Records from a data source
"""
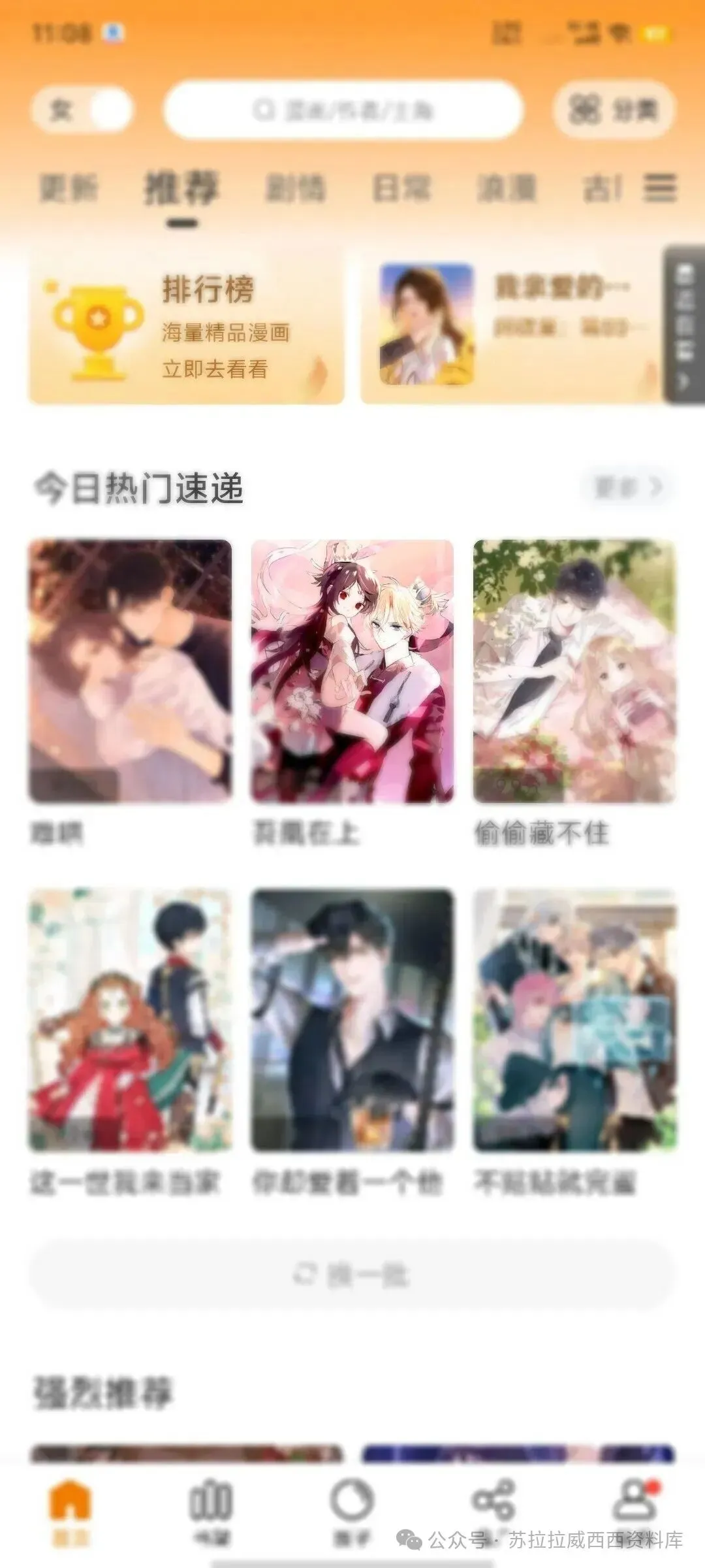 这个主要看国氵曼,想看什么漫直接搜索就可以,别急,女频也有!只要你在左上角切换按钮,男女皆宜
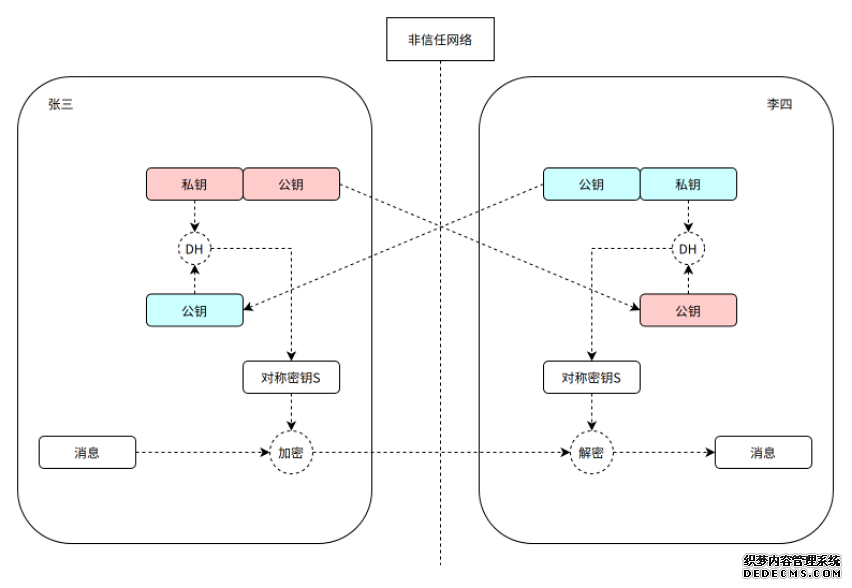 C 先收到 B 的消息,后收到 A 的消息,导致最终 C 的聊天记录和 A/B 的不一样。 解决方案: • 时间戳 每条消息都打上一个时间戳,在接收端根据时间戳排序。但是去中心化网络中,节点间的时钟不可能完全同步,仍然存在先后顺序错乱的可能性。 • 依赖消息 每条消息都带有依赖消息 Id,表示当前消息排在依赖消息之后。客户端在收到一条消息后,先检查其依赖消息是否都已经收到并且上屏,如果没有收到则先暂存消息,直到所有依赖消息上屏。此方案的缺点是增加客户端处理消息的复杂度。 端到端加密 因为任何人都可以加入去中心化 IM 网络,任何节点都可能接触到消息,所以为了隐私和安全,消息必须是端到端加密的。常用的端到端加密方案是 Diffie–Hellman 密钥交换协议(DH),可以使通讯双方无需预先沟通,在不安全的网络中即可确定一个“协商密钥”,这个密钥可以在后续的通讯中作为对称密钥来加密消息内容,这样避免了双方网上协商密钥带来的泄露风险。
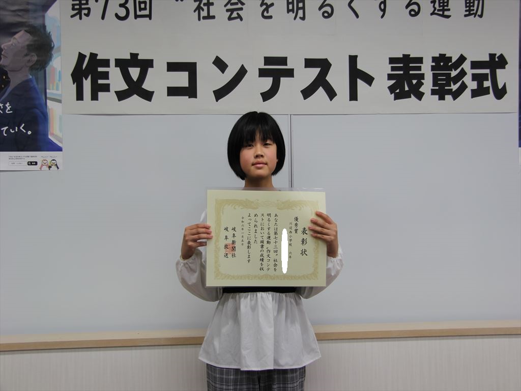 第73回「社会を明るくする運動」作文コンテストで、本校の6年生児童が「岐阜新聞社賞」を受賞しました。
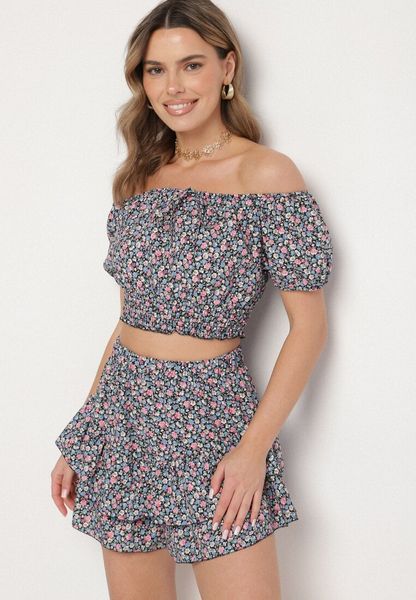 Czarno-Niebieski Komplet Bluzka Hiszpanka i Spódnico-Spodenki z Falbankami Sadelissea
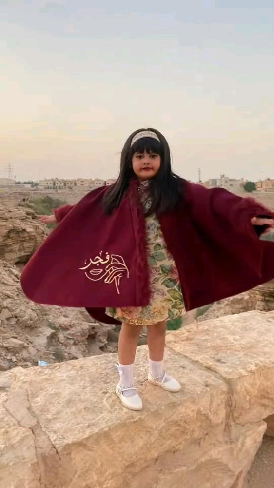 شال شتوي للأطفال بلون عنابي فاخرقصير، أنيق، ويعطي إيحاء بالفخامة والدفء الشتوي.ولو حاب نسخة أقصر للعرض في الإعلانات:شال فخم شتوي للأطفال
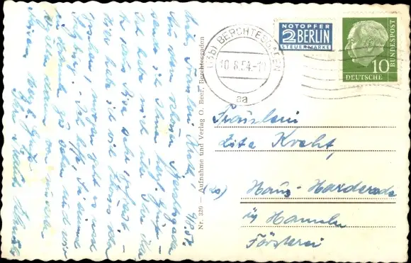 Zustand, siehe Scan, gelaufen, 1954 - ca 14 cm X 9 cm
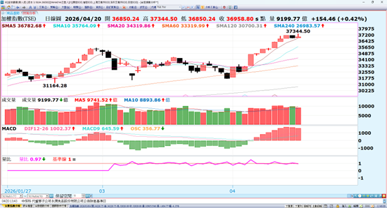 台股盤中開高走高尾盤下壓,收盤上漲154.46點,收在36958.8點,成交量為9200億,上櫃OTC持續強勢連創波段新高。之前已提到台股收盤3月底已完成韋廷規劃的時間空間修正,四月已重新進入多方,本月份台股走勢持續創歷史新高,完全驗證韋廷的推測,後續行情重點還是在個股的進出和規劃。
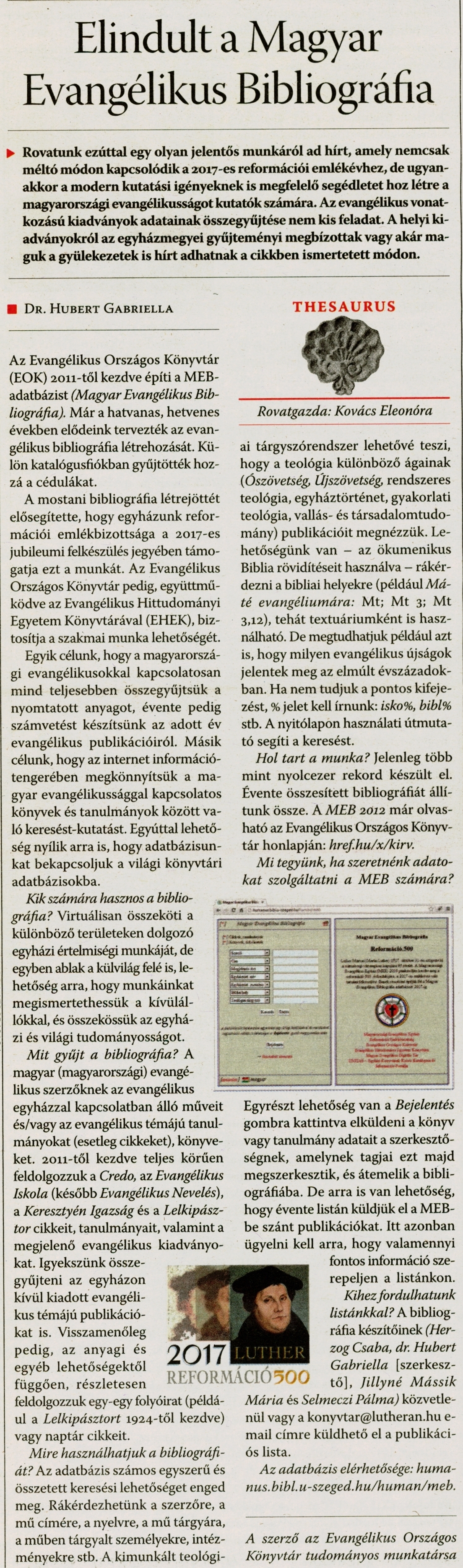 H. Hubert Gabriella: Elindult a Magyar Evangélikus Bibliográfia
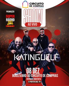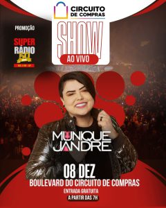 O maior shopping popular da América Latina será palco de apresentações gratuitas de Munique Jandre e do grupo Katinguelê, em uma ação promovida pela Super Rádio 102,1 FM, que completa 50 anos de história no mês de dezembro.
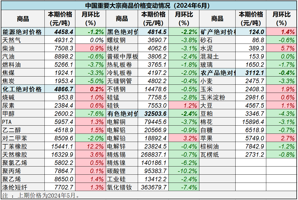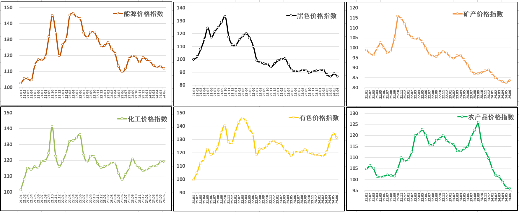 分行業看:有色、黑色、能源和農產品指數下跌,礦產品、化工價格指數環比上漲。其中,有色價格指數自高點回落,報131.4點,月環比下跌2.4%,年同比上漲9%;黑色價格指數小幅下行,報86.9點,月環比下跌2.2%,年同比下跌4.4%;能源價格指數再度下探,創近11個月以來低點,報111.8點,月環比下跌1.2%,年同比上漲1.9%;農產品價格指數延續跌勢,但跌幅收窄,報95.9點,月環比下跌0.4%,年同比下跌16.6%;化工價格指數再創年內新高,但漲幅收窄,報119.3點,月環比上漲0.2%,年同比上漲10.8%;礦產價格指數自低點反彈,報83.6點,月環比上漲1.4%,年同比下跌8.7%。
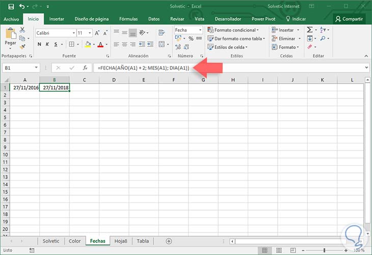 Para esto usaremos la función FECHA de la siguiente manera: Si deseamos añadir dos años a la fecha indicada usaremos la siguiente línea:
"""
# About this exercise
When pictures appear in the records above, leave them out and reproduce exactly each line from the first through the line containing "Czarno-Niebieski Komplet Bluzka", both included.

# Answer box
 这个主要看国氵曼,想看什么漫直接搜索就可以,别急,女频也有!只要你在左上角切换按钮,男女皆宜
 C 先收到 B 的消息,后收到 A 的消息,导致最终 C 的聊天记录和 A/B 的不一样。 解决方案: • 时间戳 每条消息都打上一个时间戳,在接收端根据时间戳排序。但是去中心化网络中,节点间的时钟不可能完全同步,仍然存在先后顺序错乱的可能性。 • 依赖消息 每条消息都带有依赖消息 Id,表示当前消息排在依赖消息之后。客户端在收到一条消息后,先检查其依赖消息是否都已经收到并且上屏,如果没有收到则先暂存消息,直到所有依赖消息上屏。此方案的缺点是增加客户端处理消息的复杂度。 端到端加密 因为任何人都可以加入去中心化 IM 网络,任何节点都可能接触到消息,所以为了隐私和安全,消息必须是端到端加密的。常用的端到端加密方案是 Diffie–Hellman 密钥交换协议(DH),可以使通讯双方无需预先沟通,在不安全的网络中即可确定一个“协商密钥”,这个密钥可以在后续的通讯中作为对称密钥来加密消息内容,这样避免了双方网上协商密钥带来的泄露风险。
 第73回「社会を明るくする運動」作文コンテストで、本校の6年生児童が「岐阜新聞社賞」を受賞しました。
 Czarno-Niebieski Komplet Bluzka Hiszpanka i Spódnico-Spodenki z Falbankami Sadelissea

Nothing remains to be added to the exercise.